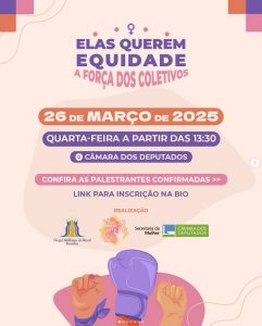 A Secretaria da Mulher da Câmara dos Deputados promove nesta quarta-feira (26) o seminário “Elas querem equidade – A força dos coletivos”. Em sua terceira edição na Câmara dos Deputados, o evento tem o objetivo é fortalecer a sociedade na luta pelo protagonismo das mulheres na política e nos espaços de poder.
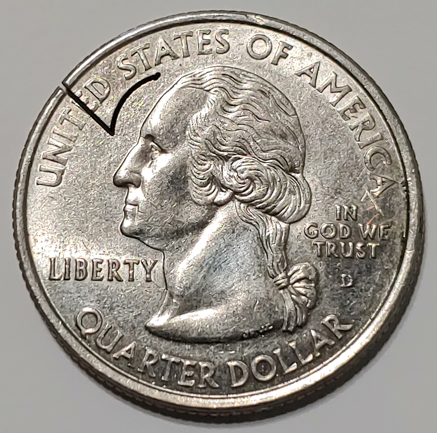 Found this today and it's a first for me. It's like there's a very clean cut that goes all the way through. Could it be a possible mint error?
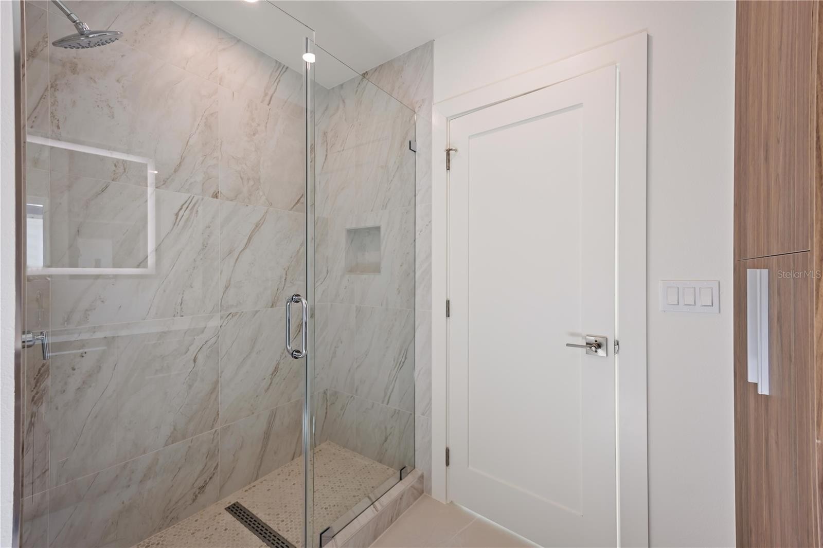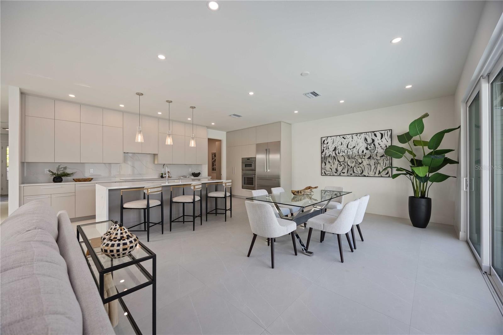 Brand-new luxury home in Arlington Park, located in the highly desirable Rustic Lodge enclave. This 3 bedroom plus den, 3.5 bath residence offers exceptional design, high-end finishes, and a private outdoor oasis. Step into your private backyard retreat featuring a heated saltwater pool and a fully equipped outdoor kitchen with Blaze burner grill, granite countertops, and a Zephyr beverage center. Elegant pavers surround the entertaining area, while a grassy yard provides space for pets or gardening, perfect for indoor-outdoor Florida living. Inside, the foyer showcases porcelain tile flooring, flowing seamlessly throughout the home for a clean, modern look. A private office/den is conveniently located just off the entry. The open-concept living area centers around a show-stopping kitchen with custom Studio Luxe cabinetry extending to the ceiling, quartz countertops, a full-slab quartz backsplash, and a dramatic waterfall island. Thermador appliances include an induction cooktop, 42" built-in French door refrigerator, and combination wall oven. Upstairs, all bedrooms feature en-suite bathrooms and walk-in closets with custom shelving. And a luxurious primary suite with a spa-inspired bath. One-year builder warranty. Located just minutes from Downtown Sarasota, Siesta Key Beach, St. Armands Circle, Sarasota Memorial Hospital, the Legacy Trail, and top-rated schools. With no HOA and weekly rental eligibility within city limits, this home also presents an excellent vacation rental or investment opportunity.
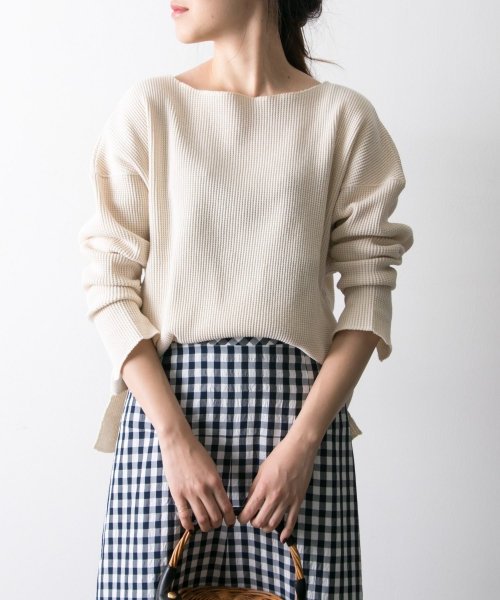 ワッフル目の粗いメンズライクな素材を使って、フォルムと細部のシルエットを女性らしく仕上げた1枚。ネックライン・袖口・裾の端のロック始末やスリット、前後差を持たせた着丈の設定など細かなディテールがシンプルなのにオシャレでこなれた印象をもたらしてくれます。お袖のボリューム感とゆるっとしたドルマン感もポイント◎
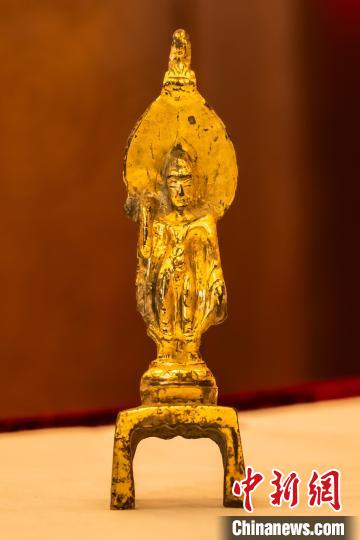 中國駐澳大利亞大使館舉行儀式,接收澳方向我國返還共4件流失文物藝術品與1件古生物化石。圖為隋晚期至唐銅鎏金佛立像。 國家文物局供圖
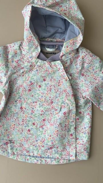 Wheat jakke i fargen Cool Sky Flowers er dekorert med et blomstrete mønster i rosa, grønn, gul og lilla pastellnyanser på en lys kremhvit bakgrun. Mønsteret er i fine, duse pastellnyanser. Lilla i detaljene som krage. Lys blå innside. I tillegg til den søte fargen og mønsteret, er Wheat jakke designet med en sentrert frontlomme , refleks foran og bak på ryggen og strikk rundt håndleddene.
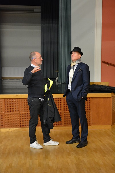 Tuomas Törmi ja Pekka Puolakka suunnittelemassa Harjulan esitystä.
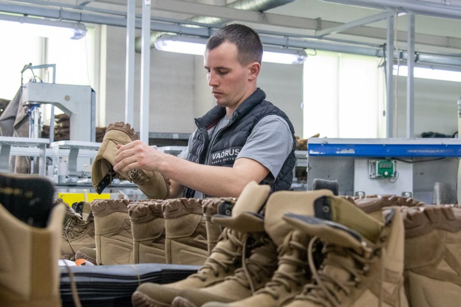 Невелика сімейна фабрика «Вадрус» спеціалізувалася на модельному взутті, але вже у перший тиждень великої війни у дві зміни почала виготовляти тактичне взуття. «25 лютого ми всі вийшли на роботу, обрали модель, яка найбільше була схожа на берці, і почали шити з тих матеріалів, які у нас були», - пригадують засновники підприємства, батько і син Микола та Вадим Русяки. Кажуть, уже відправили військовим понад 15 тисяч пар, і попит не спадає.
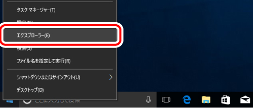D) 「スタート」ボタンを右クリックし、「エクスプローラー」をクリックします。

== == ==

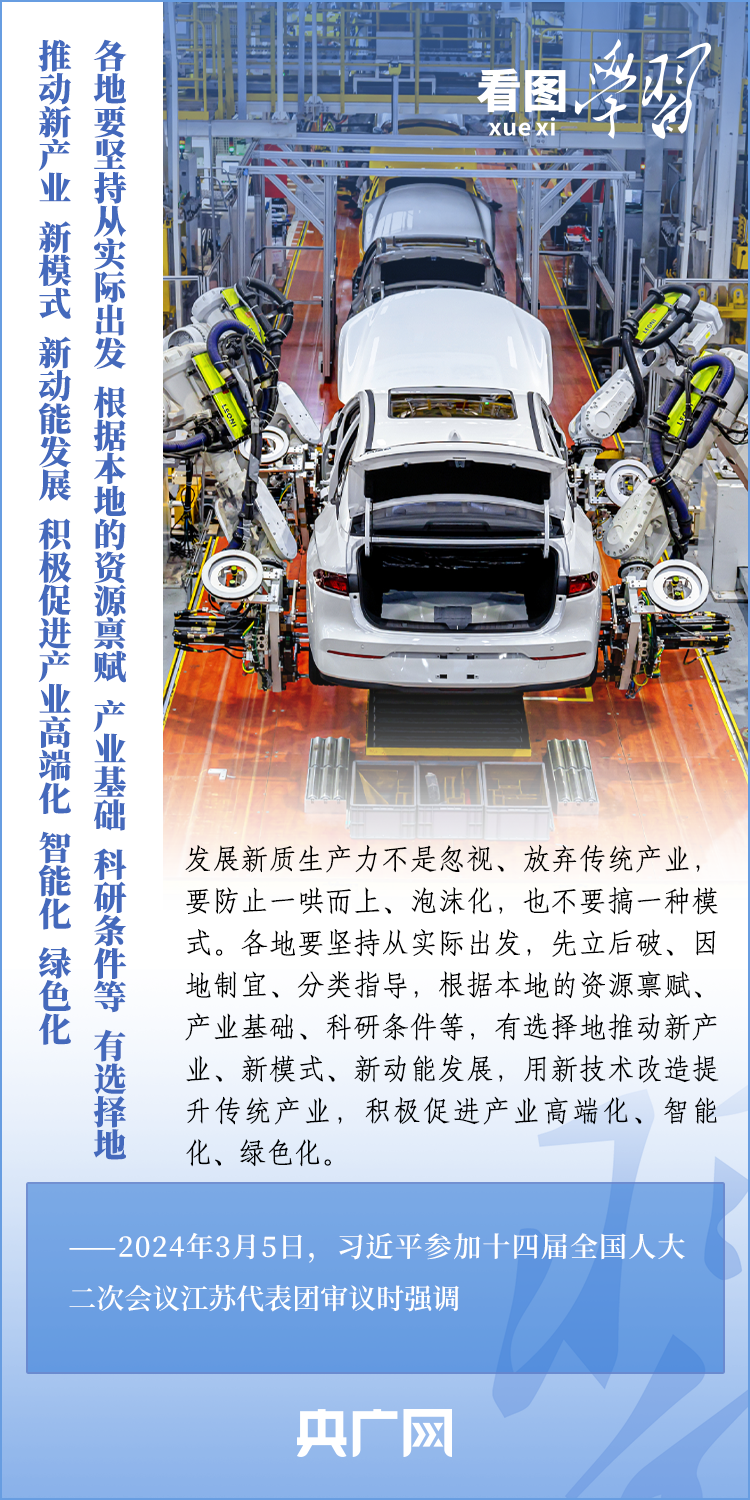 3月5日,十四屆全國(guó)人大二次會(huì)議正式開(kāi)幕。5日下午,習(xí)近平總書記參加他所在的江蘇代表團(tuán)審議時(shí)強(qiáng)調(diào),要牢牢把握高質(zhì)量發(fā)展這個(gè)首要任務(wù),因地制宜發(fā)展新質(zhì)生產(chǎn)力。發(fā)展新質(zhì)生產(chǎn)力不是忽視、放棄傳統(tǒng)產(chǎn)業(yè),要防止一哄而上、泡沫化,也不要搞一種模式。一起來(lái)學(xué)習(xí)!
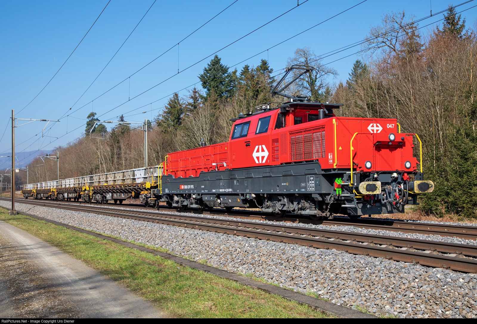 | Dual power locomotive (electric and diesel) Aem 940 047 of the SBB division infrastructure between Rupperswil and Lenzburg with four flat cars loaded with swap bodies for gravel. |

== == ==

Although the records above contain pictures, the copy should not; retype exactly the lines from the one containing "A Secretaria da" through the one containing "Found this today".

 A Secretaria da Mulher da Câmara dos Deputados promove nesta quarta-feira (26) o seminário “Elas querem equidade – A força dos coletivos”. Em sua terceira edição na Câmara dos Deputados, o evento tem o objetivo é fortalecer a sociedade na luta pelo protagonismo das mulheres na política e nos espaços de poder.
 Found this today and it's a first for me. It's like there's a very clean cut that goes all the way through. Could it be a possible mint error?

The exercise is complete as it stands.